EXERCISE BRIEF> Your copy should match the listing below word for word, with no images in it.

DATA SHOWN Start Marker

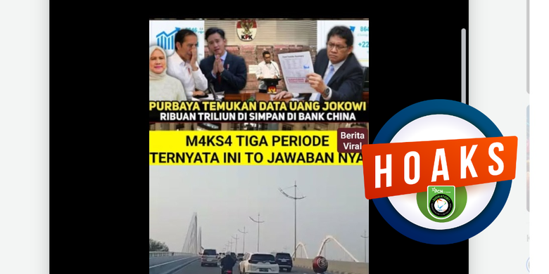 Pada pertengahan Januari 2026, Menteri Keuangan Purbaya Yudhi Sadewa disebut telah menemukan data adanya uang milik mantan presiden Joko Widodo di bank asal China. Namun, tidak dijelaskan bank mana yang digunakan Jokowi untuk menyimpan uang tersebut. Purbaya mengklaim menemukan jumlah uang yang mencapai ribuan triliun setelah melakukan analisis transaksi keuangan lintas perbankan internasional. Meskipun demikian, narasi dalam unggahan tersebut ternyata menyampaikan informasi yang keliru. Konten tersebut merupakan hoaks dan perlu diluruskan. Foto yang digunakan sebenarnya adalah momen saat Komisi Pemberantasan Korupsi menunjukkan barang bukti dalam sebuah kasus korupsi investasi fiktif di PT Taspen (Persero).
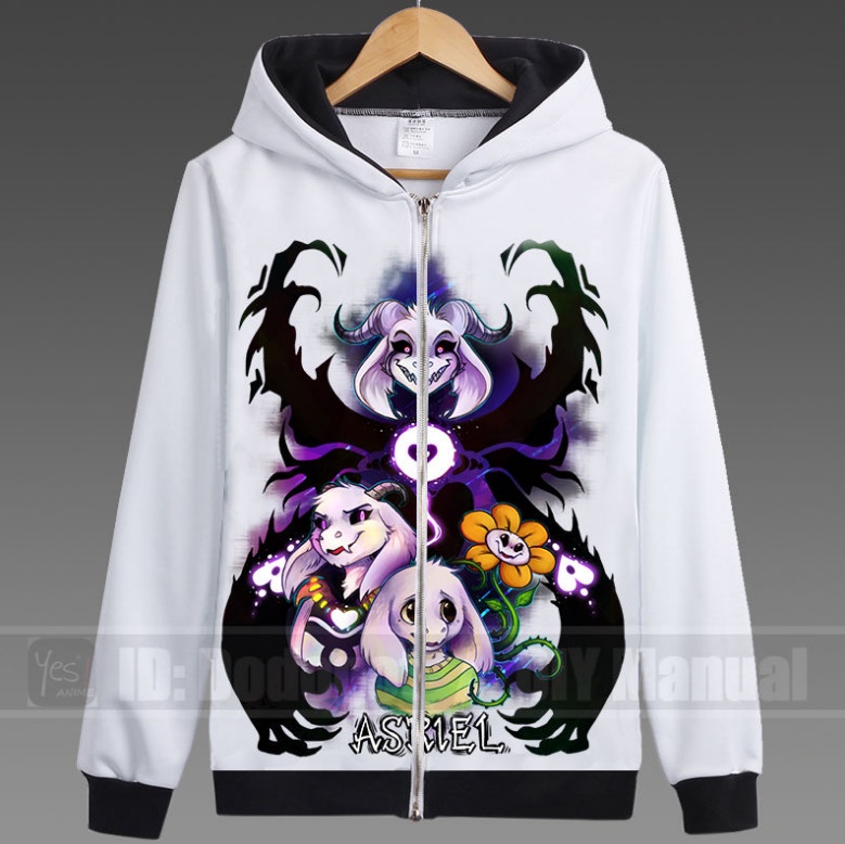 Hoodie lovers unite! You can never go wrong with an awesome hoodie. Personally, I'd suggest owning one for every occasion. This particular hoodie -- which is unisex, so you only need to worry about the size -- is a 60/40 cotton-polyester mix in white. It features some cool looking art of Asriel in all his forms -- as well as his rather sinister-looking Flowey-form.
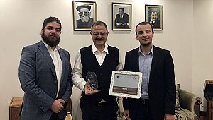 Konukoğlu Bey’i ziyaret ettik, teşekkür plaketimizi ve ABD’de fırlattığımız
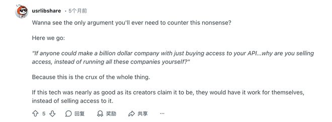 更多人附和了这种底层商业逻辑:如果随便哪个路人买个API接口就能缔造十亿美元的商业神话,那巨头们为什么不自己去闷声发大财,反而要苦哈哈地赚你的几块钱接口费呢?
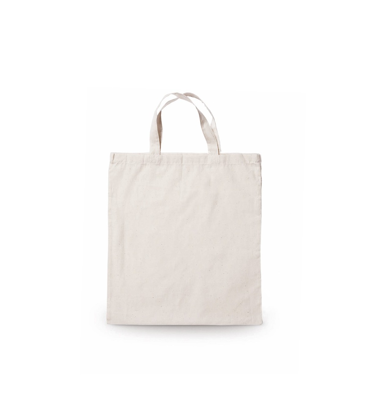 Bolsas en material 100% algodón con acabado en color natural. Con asas cortas de 35cm y acabado cosido. Con capacidad de almacenaje de hasta 7kg de peso.
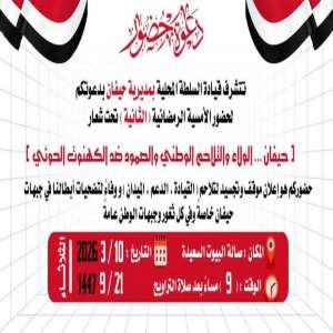 تتشرف قيادة السلطة المحلية بمديرية حيفان بمحافظة تعز، بدعوة كافة أبناء المديرية الشرفاء للحضور والمش...
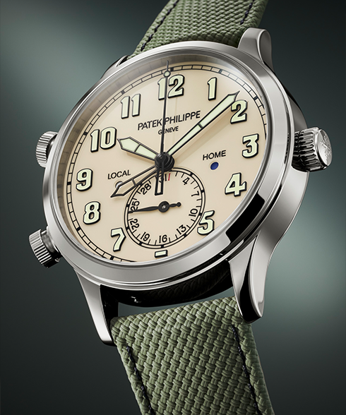 Patek Philippe reinterpreta la versión de oro blanco dotándola de una elegante esfera lacada color marfil, que refuerza su carácter contemporáneo. La legibilidad de esta esfera de inspiración aeronáutica se optimiza mediante cifras aplicadas ennegrecidas de oro blanco, caladas y realzadas con revestimiento luminiscente, así como por las grandes agujas tipo espada, también visibles en la oscuridad.
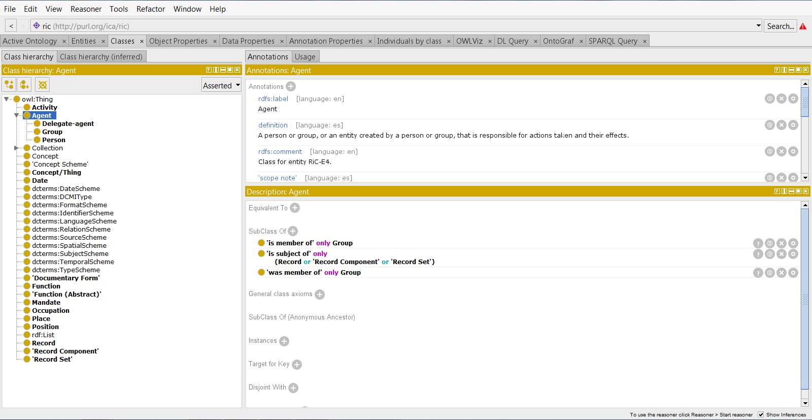 Las entidades del modelo conceptual corresponderían a las clases en la ontología. Por ejemplo, la clase agente, como se ve en la figura 9, tiene las subclases agente delegado, grupo y persona.
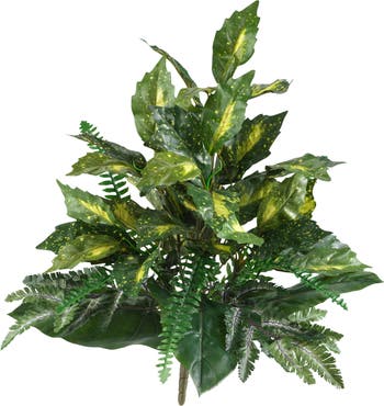 The variegated leaves of this 25-inch mixed greens artificial plant sit atop larger green leaves with wild ferns peeking out from the foliage in a splendid, arrangement. Suitable for any professional setting, it will look great in a clear vase on a desk in a office, or on the counter in a reception area. For symmetry in your arrangement, it comes in a set of two.
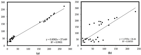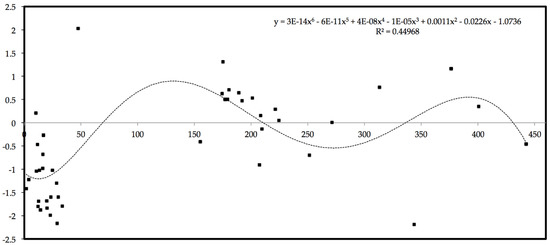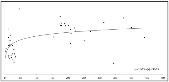 In Figure 7, we can observe that the entropy of our system had a tendency to increase according to a logarithmic relation. Consequently, our predictive system could not robustly forecast in terms of absolute location very small values of thermal absorptivity (b) situated in the lower region of the data distribution (<50), since the entropy was not yet stabilized; thus, our system was in a state of total disorder. However, the entropy of our system tended to be constant for values of b that were higher than 50. This meant that the robustness and predictive capacity of our model were quite high for these values. This was also seen in Figure 1, Figure 2, Figure 3 and Figure 4. In particular, in Figure 3, we saw that the Hoke D6 regression model, even though it correctly represented the patterns, continuously underfit the absolute locations for values < 50. Figure 7 explains why this happened—within this range of values, the entropy of our system increased logarithmically, and so the disorder of our system dominated. Outside this range of values, the entropy of our system tended to be stable, and so, for this reason, the predictive capacity of our model provided greater accuracy for thermal absorptivity (b).
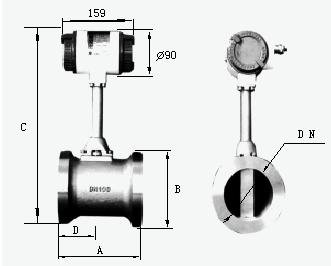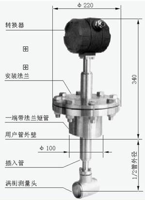將渦街測(cè)量頭插入管道特定位置,通過測(cè)量該位置的局部流量,根據(jù)管道截面流速分布關(guān)系,計(jì)算出管道內(nèi)平均流速值。它由轉(zhuǎn)換器、插入桿組件、球閥(根據(jù)需求配 )、安裝短管(ф100)、渦街測(cè)量頭等組成。
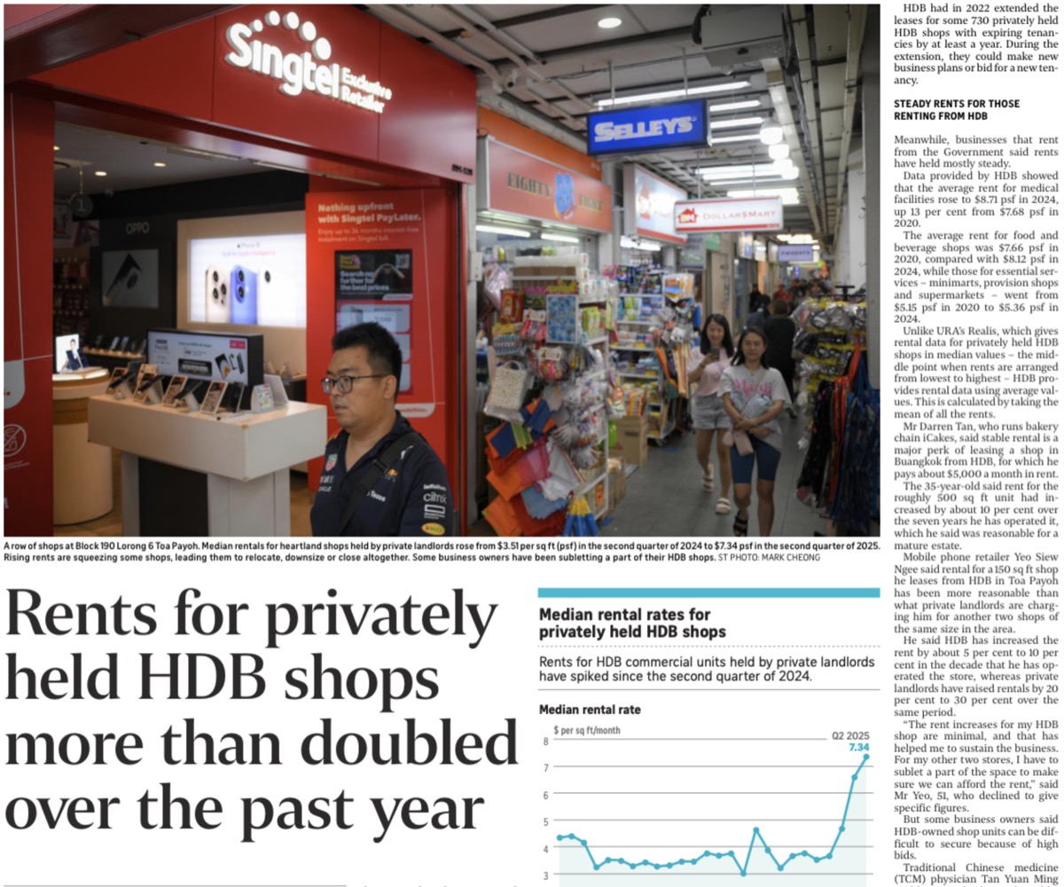- Private landlords of HDB shops are asking a lot more at renewal; tenants report step-ups around 30% and, in some cases, sharper.

DATA SHOWN End Marker

WORKED SOLUTION>
 Pada pertengahan Januari 2026, Menteri Keuangan Purbaya Yudhi Sadewa disebut telah menemukan data adanya uang milik mantan presiden Joko Widodo di bank asal China. Namun, tidak dijelaskan bank mana yang digunakan Jokowi untuk menyimpan uang tersebut. Purbaya mengklaim menemukan jumlah uang yang mencapai ribuan triliun setelah melakukan analisis transaksi keuangan lintas perbankan internasional. Meskipun demikian, narasi dalam unggahan tersebut ternyata menyampaikan informasi yang keliru. Konten tersebut merupakan hoaks dan perlu diluruskan. Foto yang digunakan sebenarnya adalah momen saat Komisi Pemberantasan Korupsi menunjukkan barang bukti dalam sebuah kasus korupsi investasi fiktif di PT Taspen (Persero).
 Hoodie lovers unite! You can never go wrong with an awesome hoodie. Personally, I'd suggest owning one for every occasion. This particular hoodie -- which is unisex, so you only need to worry about the size -- is a 60/40 cotton-polyester mix in white. It features some cool looking art of Asriel in all his forms -- as well as his rather sinister-looking Flowey-form.
 Konukoğlu Bey’i ziyaret ettik, teşekkür plaketimizi ve ABD’de fırlattığımız
 更多人附和了这种底层商业逻辑:如果随便哪个路人买个API接口就能缔造十亿美元的商业神话,那巨头们为什么不自己去闷声发大财,反而要苦哈哈地赚你的几块钱接口费呢?
 Bolsas en material 100% algodón con acabado en color natural. Con asas cortas de 35cm y acabado cosido. Con capacidad de almacenaje de hasta 7kg de peso.
 تتشرف قيادة السلطة المحلية بمديرية حيفان بمحافظة تعز، بدعوة كافة أبناء المديرية الشرفاء للحضور والمش...
 Patek Philippe reinterpreta la versión de oro blanco dotándola de una elegante esfera lacada color marfil, que refuerza su carácter contemporáneo. La legibilidad de esta esfera de inspiración aeronáutica se optimiza mediante cifras aplicadas ennegrecidas de oro blanco, caladas y realzadas con revestimiento luminiscente, así como por las grandes agujas tipo espada, también visibles en la oscuridad.
 Las entidades del modelo conceptual corresponderían a las clases en la ontología. Por ejemplo, la clase agente, como se ve en la figura 9, tiene las subclases agente delegado, grupo y persona.
 The variegated leaves of this 25-inch mixed greens artificial plant sit atop larger green leaves with wild ferns peeking out from the foliage in a splendid, arrangement. Suitable for any professional setting, it will look great in a clear vase on a desk in a office, or on the counter in a reception area. For symmetry in your arrangement, it comes in a set of two.
 In Figure 7, we can observe that the entropy of our system had a tendency to increase according to a logarithmic relation. Consequently, our predictive system could not robustly forecast in terms of absolute location very small values of thermal absorptivity (b) situated in the lower region of the data distribution (<50), since the entropy was not yet stabilized; thus, our system was in a state of total disorder. However, the entropy of our system tended to be constant for values of b that were higher than 50. This meant that the robustness and predictive capacity of our model were quite high for these values. This was also seen in Figure 1, Figure 2, Figure 3 and Figure 4. In particular, in Figure 3, we saw that the Hoke D6 regression model, even though it correctly represented the patterns, continuously underfit the absolute locations for values < 50. Figure 7 explains why this happened—within this range of values, the entropy of our system increased logarithmically, and so the disorder of our system dominated. Outside this range of values, the entropy of our system tended to be stable, and so, for this reason, the predictive capacity of our model provided greater accuracy for thermal absorptivity (b).
將渦街測(cè)量頭插入管道特定位置,通過測(cè)量該位置的局部流量,根據(jù)管道截面流速分布關(guān)系,計(jì)算出管道內(nèi)平均流速值。它由轉(zhuǎn)換器、插入桿組件、球閥(根據(jù)需求配 )、安裝短管(ф100)、渦街測(cè)量頭等組成。
- Private landlords of HDB shops are asking a lot more at renewal; tenants report step-ups around 30% and, in some cases, sharper.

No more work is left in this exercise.